Problem to solve: Reproduce from the records below, with no pictures, exactly the lines between the one containing "銀座のビルの屋上で 雨に濡れたあじさい発見!" and the one containing "lot of (12)", inclusive.

Raw data:
-------

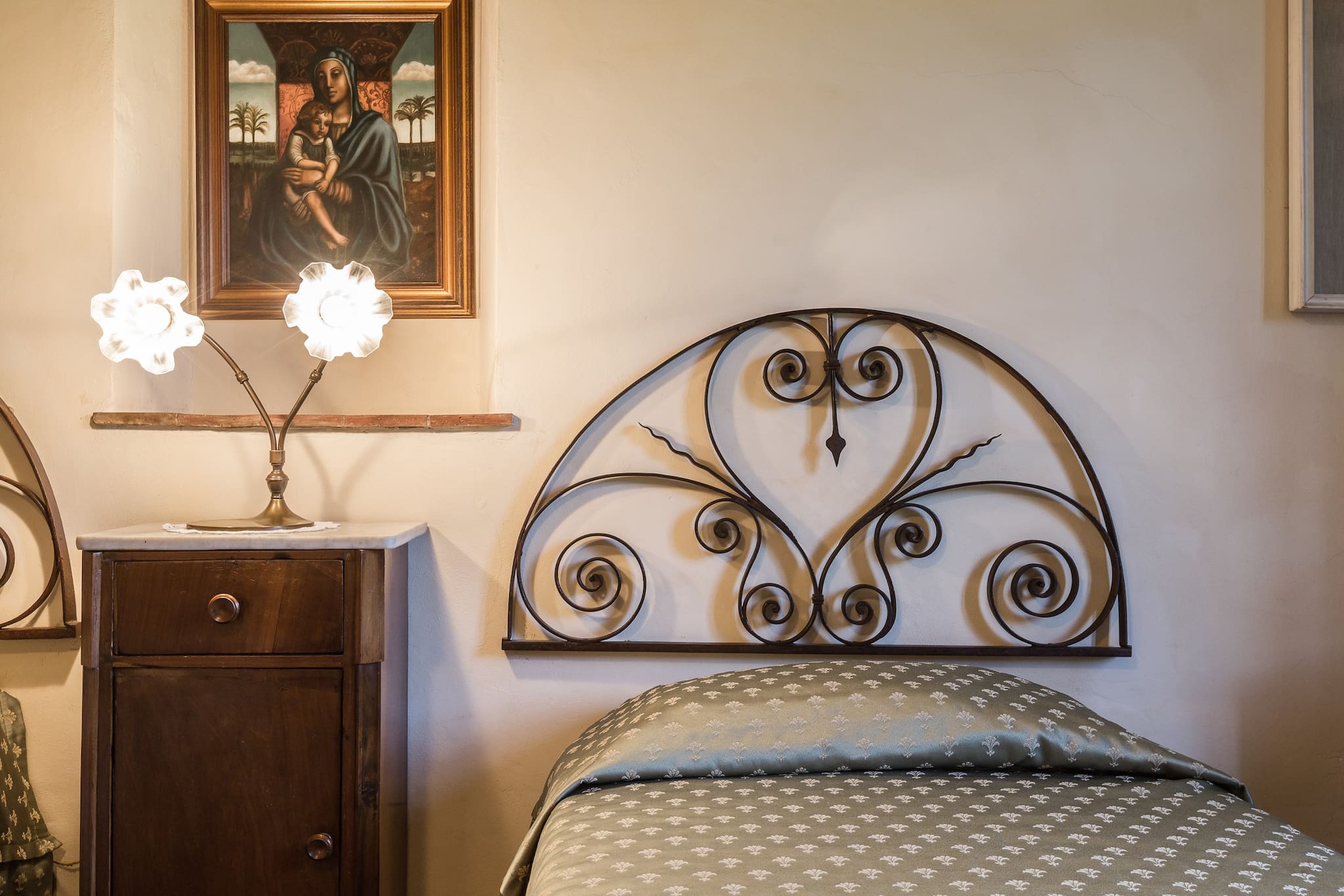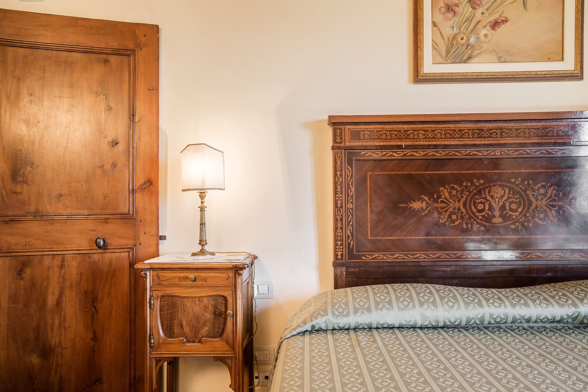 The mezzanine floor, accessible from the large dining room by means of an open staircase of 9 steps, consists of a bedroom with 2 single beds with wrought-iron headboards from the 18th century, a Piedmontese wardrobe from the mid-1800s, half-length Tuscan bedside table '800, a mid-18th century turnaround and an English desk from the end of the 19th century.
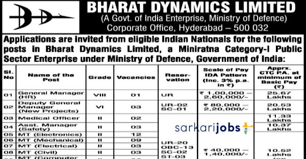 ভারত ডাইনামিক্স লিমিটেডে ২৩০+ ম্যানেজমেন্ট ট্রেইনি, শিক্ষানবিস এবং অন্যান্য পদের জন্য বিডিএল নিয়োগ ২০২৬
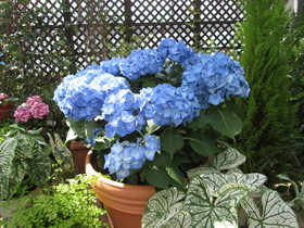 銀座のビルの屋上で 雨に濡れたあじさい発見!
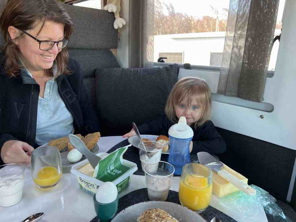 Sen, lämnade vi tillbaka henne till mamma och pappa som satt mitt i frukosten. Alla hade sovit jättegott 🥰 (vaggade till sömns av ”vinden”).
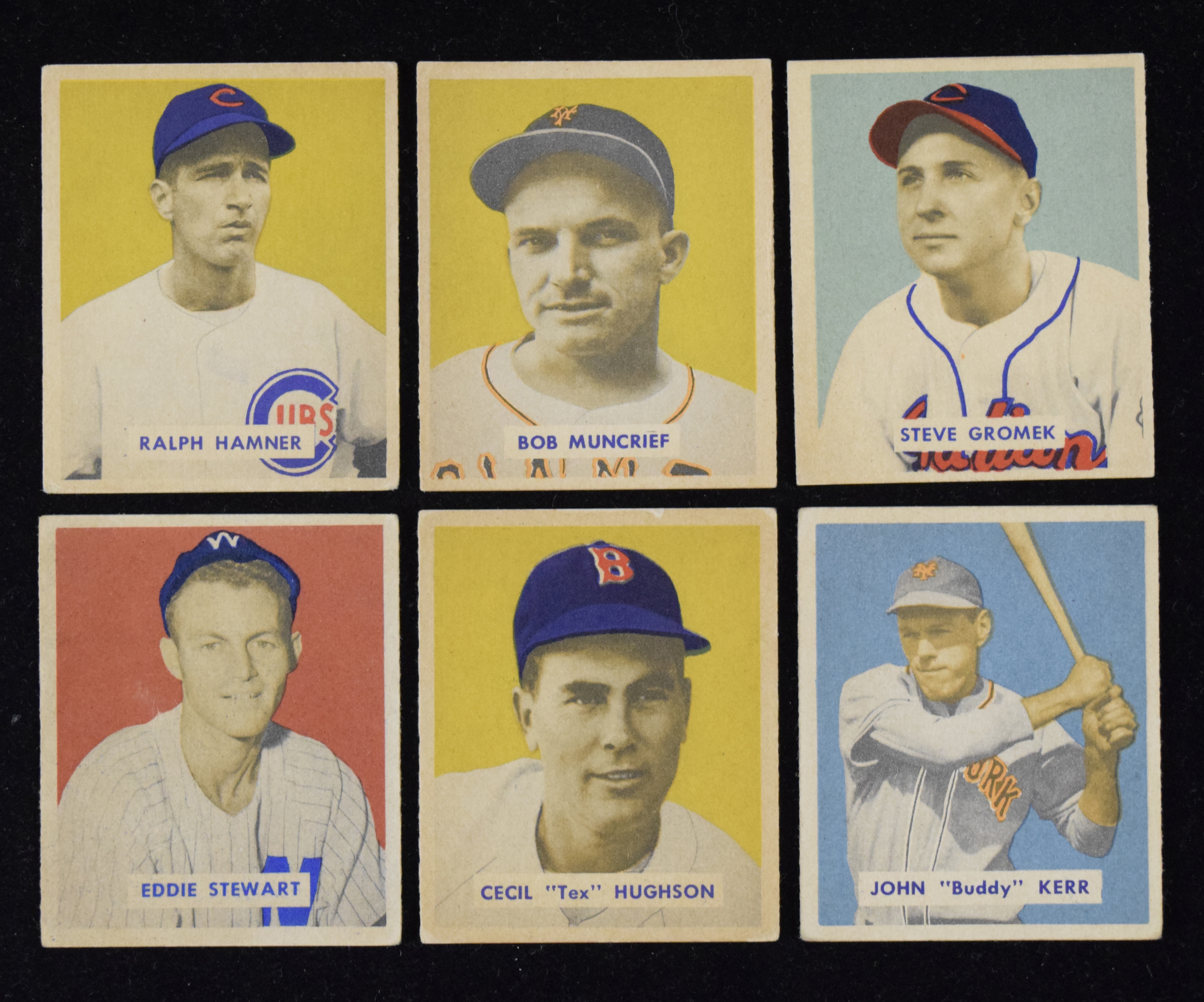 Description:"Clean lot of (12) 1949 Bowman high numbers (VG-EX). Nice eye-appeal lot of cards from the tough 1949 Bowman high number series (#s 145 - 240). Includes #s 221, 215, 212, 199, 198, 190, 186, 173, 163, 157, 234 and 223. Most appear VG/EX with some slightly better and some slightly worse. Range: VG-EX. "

-------

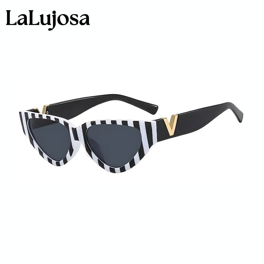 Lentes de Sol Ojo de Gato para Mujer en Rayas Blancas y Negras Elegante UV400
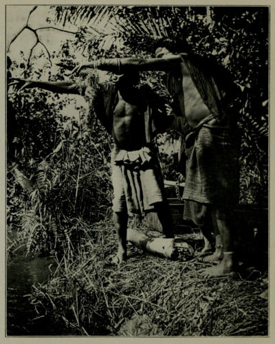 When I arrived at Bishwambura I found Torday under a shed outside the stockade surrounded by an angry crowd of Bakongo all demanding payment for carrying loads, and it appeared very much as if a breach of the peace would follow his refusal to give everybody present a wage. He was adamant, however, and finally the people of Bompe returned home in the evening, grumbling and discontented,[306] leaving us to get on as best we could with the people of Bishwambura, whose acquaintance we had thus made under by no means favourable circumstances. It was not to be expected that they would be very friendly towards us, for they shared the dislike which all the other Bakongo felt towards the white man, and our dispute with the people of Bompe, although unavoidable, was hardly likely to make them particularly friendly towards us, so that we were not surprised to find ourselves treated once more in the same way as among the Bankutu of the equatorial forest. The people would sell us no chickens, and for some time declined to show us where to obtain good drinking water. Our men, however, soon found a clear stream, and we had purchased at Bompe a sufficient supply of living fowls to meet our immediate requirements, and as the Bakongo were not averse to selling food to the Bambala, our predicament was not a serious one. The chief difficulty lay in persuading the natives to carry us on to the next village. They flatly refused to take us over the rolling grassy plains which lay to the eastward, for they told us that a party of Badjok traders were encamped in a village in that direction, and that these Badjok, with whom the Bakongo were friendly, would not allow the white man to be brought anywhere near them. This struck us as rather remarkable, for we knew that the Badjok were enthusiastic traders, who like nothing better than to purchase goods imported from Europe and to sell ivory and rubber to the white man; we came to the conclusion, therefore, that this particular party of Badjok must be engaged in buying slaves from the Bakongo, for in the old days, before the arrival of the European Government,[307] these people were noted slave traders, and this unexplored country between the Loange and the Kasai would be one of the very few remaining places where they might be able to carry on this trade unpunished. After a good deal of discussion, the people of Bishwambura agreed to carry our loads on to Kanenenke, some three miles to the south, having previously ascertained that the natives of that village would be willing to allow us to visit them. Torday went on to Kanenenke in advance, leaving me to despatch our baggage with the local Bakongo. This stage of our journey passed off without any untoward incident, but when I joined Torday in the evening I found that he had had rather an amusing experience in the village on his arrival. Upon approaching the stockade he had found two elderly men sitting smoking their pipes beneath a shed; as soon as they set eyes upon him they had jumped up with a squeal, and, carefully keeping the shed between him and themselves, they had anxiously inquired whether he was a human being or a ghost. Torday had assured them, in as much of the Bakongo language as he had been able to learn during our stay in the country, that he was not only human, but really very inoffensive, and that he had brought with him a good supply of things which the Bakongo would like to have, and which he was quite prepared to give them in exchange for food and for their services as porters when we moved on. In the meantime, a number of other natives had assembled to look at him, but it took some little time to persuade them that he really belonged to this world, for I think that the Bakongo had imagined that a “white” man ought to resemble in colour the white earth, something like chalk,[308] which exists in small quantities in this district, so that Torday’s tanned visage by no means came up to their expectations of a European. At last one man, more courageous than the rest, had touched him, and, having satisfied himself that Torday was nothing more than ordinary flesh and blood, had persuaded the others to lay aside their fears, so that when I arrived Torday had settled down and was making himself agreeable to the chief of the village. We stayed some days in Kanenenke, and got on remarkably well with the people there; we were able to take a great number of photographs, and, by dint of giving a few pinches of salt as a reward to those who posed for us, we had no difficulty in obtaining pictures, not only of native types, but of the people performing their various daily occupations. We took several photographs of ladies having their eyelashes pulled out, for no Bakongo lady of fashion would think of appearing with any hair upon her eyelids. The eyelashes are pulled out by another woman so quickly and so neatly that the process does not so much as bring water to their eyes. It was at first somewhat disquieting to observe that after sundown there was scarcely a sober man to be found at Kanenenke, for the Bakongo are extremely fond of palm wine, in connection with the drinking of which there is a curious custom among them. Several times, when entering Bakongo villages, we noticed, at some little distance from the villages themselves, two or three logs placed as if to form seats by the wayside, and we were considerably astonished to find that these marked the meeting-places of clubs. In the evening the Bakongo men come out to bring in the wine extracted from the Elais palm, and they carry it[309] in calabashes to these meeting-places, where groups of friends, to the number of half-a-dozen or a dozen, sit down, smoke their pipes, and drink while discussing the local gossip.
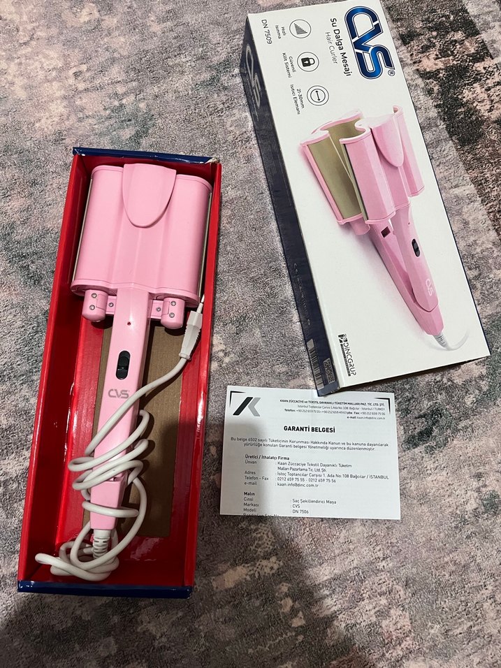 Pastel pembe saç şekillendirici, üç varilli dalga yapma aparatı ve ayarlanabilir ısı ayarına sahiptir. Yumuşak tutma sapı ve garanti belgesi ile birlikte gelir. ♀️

-------

Finished task:
 銀座のビルの屋上で 雨に濡れたあじさい発見!
 Sen, lämnade vi tillbaka henne till mamma och pappa som satt mitt i frukosten. Alla hade sovit jättegott 🥰 (vaggade till sömns av ”vinden”).
 Description:"Clean lot of (12) 1949 Bowman high numbers (VG-EX). Nice eye-appeal lot of cards from the tough 1949 Bowman high number series (#s 145 - 240). Includes #s 221, 215, 212, 199, 198, 190, 186, 173, 163, 157, 234 and 223. Most appear VG/EX with some slightly better and some slightly worse. Range: VG-EX. "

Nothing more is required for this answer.